[Rd] as.name and namespaces
William Dunlap
wdunlap at tibco.com
Wed Apr 24 18:13:33 CEST 2013
Hi Pat,
You could use substitute(),
> mycall <- quote(list(lm(Y ~ x1), lm(Y ~ x2)))
> do.call("substitute", list(mycall, list(lm=quote(stats::lm))))
list(stats::lm(Y ~ x1), stats::lm(Y ~ x2))
The do.call is necessary because substitute() does not evaluate
its first argument and we want 'mycall' evaluated to become
the call to list(...) before substitute works on it.

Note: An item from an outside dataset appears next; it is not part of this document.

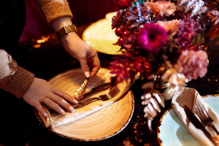 Table setting. Hands lay the napkin on the plate. Selected focus and blurred background.

substitute replaces all instances of a name in an expression.
bquote lets you be more selective (only names in .() get replaced):
> mycall2 <- quote(list(lm(Y ~ x1), .(lm)(Y ~ x2)))
> do.call("bquote", list(mycall2, list(lm=quote(stats::lm), list=quote(base::list))))
list(lm(Y ~ x1), stats::lm(Y ~ x2))
S+'s substitute() has an evaluate=FALSE/TRUE argument to control
whether its first argument is evaluated thus letting you avoid do.call():
S+> mycall <- quote(list(lm(Y ~ x1), lm(Y ~ x2)))
S+> substitute(mycall, list(lm=quote(stats::lm)), evaluate=TRUE)
list(stats::lm(Y ~ x1), stats::lm(Y ~ x2))
It is much harder if you want to find and replace expressions more general
than name, e.g., changing "stats::lm" to "lm" or "log(x+1)" to "logp1(x)" .
package::codetools and package::compiler might help. I have used rapply()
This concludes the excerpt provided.